The standard workaround is to get a smart remote, most often a Logitech Harmony. It can be configured so a single button-press turns on and off all of your equipment in the right order.


----------



## melloch (Jan 4, 2017)

Ok
This is my connection so far
Pioneer VSX-822 receiver 
all speakers connected 2 fronts 1 sub 1 center and 2 back satellites
Samsung 4k tv 55 inch un55ku7000fxza
Bluray samsung bluray bd-e5300 with usb port on back (no pic)
Roku 2 streamer
Bell fibe wired receiver(non 4k) 
smart tv is supposed to be a universal remote 
able to control all thru different sources in stereo like i want except for Roku which i need its remote (which i dont know why)
wondering what advantage is of using cat6 cable to connect lan port on tv to home router except that is more secure and better data transfer rate and bandwidth).
also if i should connect any other components i mentioned above to router as well vs wifi including central receiver(pioneer vsx 822)
what will that give me in the end
help please


----------



## selden (Nov 15, 2009)

melloch said:


> Ok
> This is my connection so far
> Pioneer VSX-822 receiver
> all speakers connected 2 fronts 1 sub 1 center and 2 back satellites
> ...


I can only guess that Roku and Samsung have not exchanged the necessary information about the Roku streamer's control codes.


> wondering what advantage is of using cat6 cable to connect lan port on tv to home router except that is more secure and better data transfer rate and bandwidth).

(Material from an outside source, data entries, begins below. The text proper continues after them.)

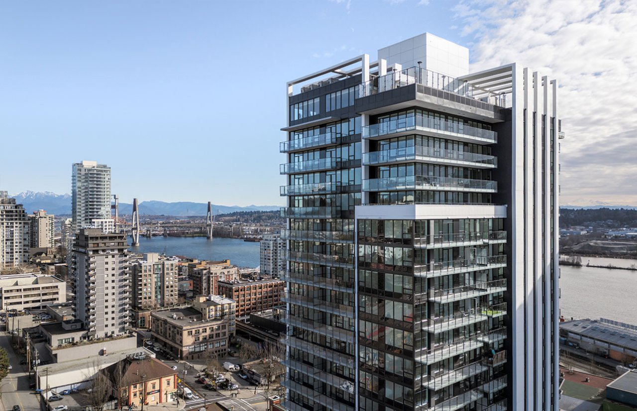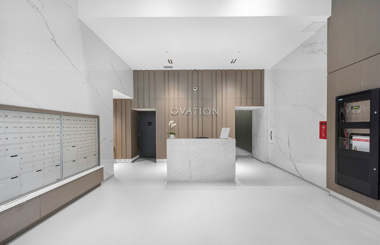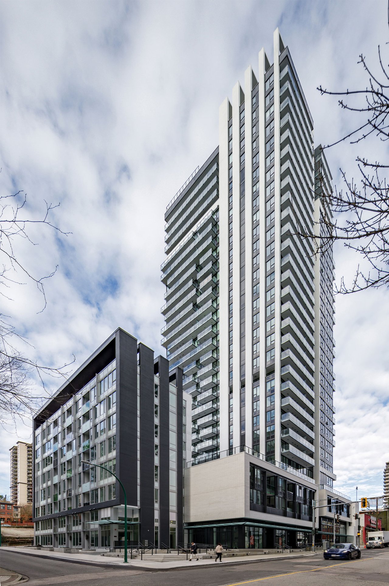 New Westminster is the oldest municipality in British Columbia, but until very recently has experienced relatively modest densification within the downtown core in comparison to other parts of the Lower Mainland. Ovation is a mixed-use residential development that has dramatically repurposed an underutilised site within the city centre, combining a diversity of residential uses while maintaining a consistent commercial edge along Carnarvon Street. The massing is defined by two residential forms above a low-profile podium, anchored to a steeply sloping corner site. The larger strata tower is characterised by vertical striations that are asymmetrically mirrored on either side, reinforcing a sense of verticality within the façade, while also providing a physical enclosure around the rooftop amenity space. The striated articulation is extended to the lower non-market building, inverting the colour palette to provide a clear sense of identity within the development. The podium base is clad in white brick, providing a more tactile element that harmonises with the existing historical buildings along Carnarvon Street.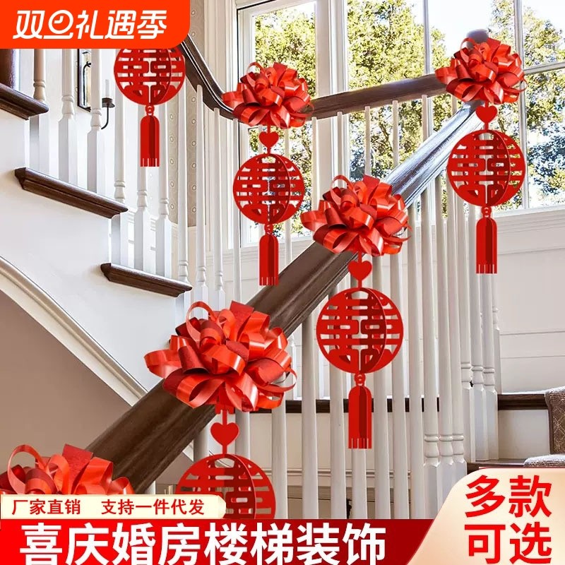 楼梯装饰结婚婚庆拉花彩带婚房布置套装婚礼扶手用品大全爱心立体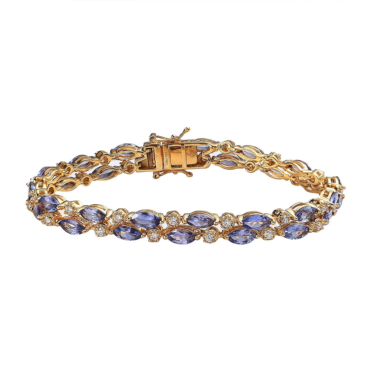 D'Joy Tanzanite and Moissanite Bracelet in Vermeil Yellow Gold Over Sterling Silver (7.25 In) 11.50 ctw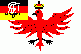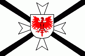 The white flag was parted by a black saltire. On its centre were the arms of Brandenburg (Kurmark whad been its core area), a red eagle on a white shield.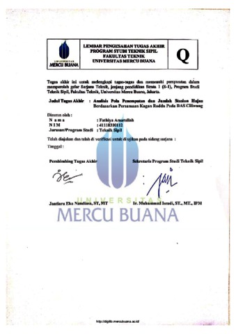 Analisis Pola Penempatan dan Jumlah Stasiun Hujan Berdasarkan Persamaan Kagan Rodda Pada DAS Ciliwung, Fathiya Amatullah, 41118310112, Jantiara Eka Nandiasa, S.T, M.T, 2020. Keakuratan data hidrologi dipengaruhi jumlah stasiun hujan pada suatu daerah aliran sungai, kerapatan dan pola penyebarannya serta ketelitian dalam pencatatan data itu sendiri. Adapun sistem jaringan kerja alat penakar hujan harus direncanakan sesuai dengan keperluan pemanfaatan data curah hujan yang akan dikumpulkan. Penempatan stasiun hujan pada suatu Daerah Aliran Sungai (DAS) dapat dicari dengan menggunakan persamaan metode Kagan Rodda. DAS Ciliwung yang merupakan DAS pada wilayah yang telah berkembang dengan tingkat kepadatan penduduk yang tinggi yang jumlah alat penakar hujan yang diperlukan banyak, saat ini terdapat 7 Stasiun Hujan. Setelah dicari analisis pola penempatan dan jumlah stasiun hujan dengan metode Kagan Rodda pada DAS Ciliwung didapatkan rekomendasi stasiun sejumlah 4 stasiun, sehingga jumlah stasiun pada DAS Ciliwung menjadi 11 stasiun, dan pola penempatan dengan segitiga Kagan Rodda didapat panjang sisi segitiga sama dengan jarak antar stasiun hujan yaitu L=7.947km. Kata Kunci : Jarak, Stasiun Hujan, DAS Ciliwung, Kagan Rodda. http://digilib.mercubuana.ac.id/ v ABSTRACT Analysis of Placement Patterns and Number of Rain Stations Based on Kagan Rodda's Equation in Ciliwung Watershed, Fathiya Amatullah, 41118310112, Jantiara Eka Nandiasa, S.T, M.T, 2020 The accuracy of hydrological data is influenced by the number of rain stations in a watershed, the density and distribution patterns as well as the accuracy in recording the data itself. The rain gauge network system must be planned in accordance with the needs of the rainfall data to be collected. The placement of a rain station in a watershed (DAS) can be found using the Kagan Rodda method equation. The Ciliwung Watershed is a watershed in an area that has been developed with a high population density with a large number of rain gauges, currently there are 7 rain stations. After looking for the analysis of the placement pattern and the number of rain stations using the Kagan Rodda method in the Ciliwung watershed, it was found that 4 stations were recommended, so that the number of stations in the Ciliwung watershed became 11 stations, and the placement pattern with the Kagan Rodda triangle obtained that the side length of the triangle is the same as the distance between rain stations, namely L = 7.947km. Keywords : Length, Rain Station, Ciliwung watershed, Kagan Rodda.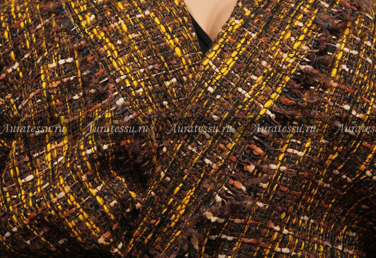 Ткань костюмная с люрексом Chanel желто-коричневая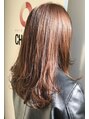 顔まわりの外ハネが可愛いミディアムスタイル。カラーはバイオレット系カラーでツヤ感アップ。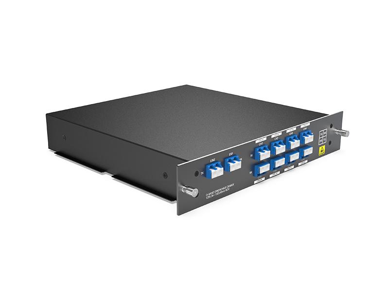 8 Channels O-BAND DWDM MUX DEMUX, supports 8 channels difference business in two optical fiber for point-to-point transmission.

You've mentioned the reasons. In particular, 1 Gigabit ethernet works more reliably over longer distances when Cat6 is used than it does over Cat5.


> also if i should connect any other components i mentioned above to router as well vs wifi including central receiver(pioneer vsx 822)
> what will that give me in the end
> help please


It's usually a good idea to connect A/V devices to your network if possible. In addition to access to the various streaming entertainment services (many of which are free), a network connection can be used to update the devices' firmware to fix bugs and add features. Some devices can only be updated over a network connection, although many can be updated from a USB thumb drive.

A hard-wired ethernet connection is more reliable than a WiFi connection. Wireless networking is subject to interference, dropouts and glitches due to electrical noise from many sources, including cordless telephones, microwave ovens and other WiFi networks in the neighborhood. Wired ethernet is immune to those types of interference. Although it doesn't happen often, a network glitch in the middle of a firmware update has been known to result in A/V devices being "bricked", requiring them to be sent to an authorized repair center to be fixed.


----------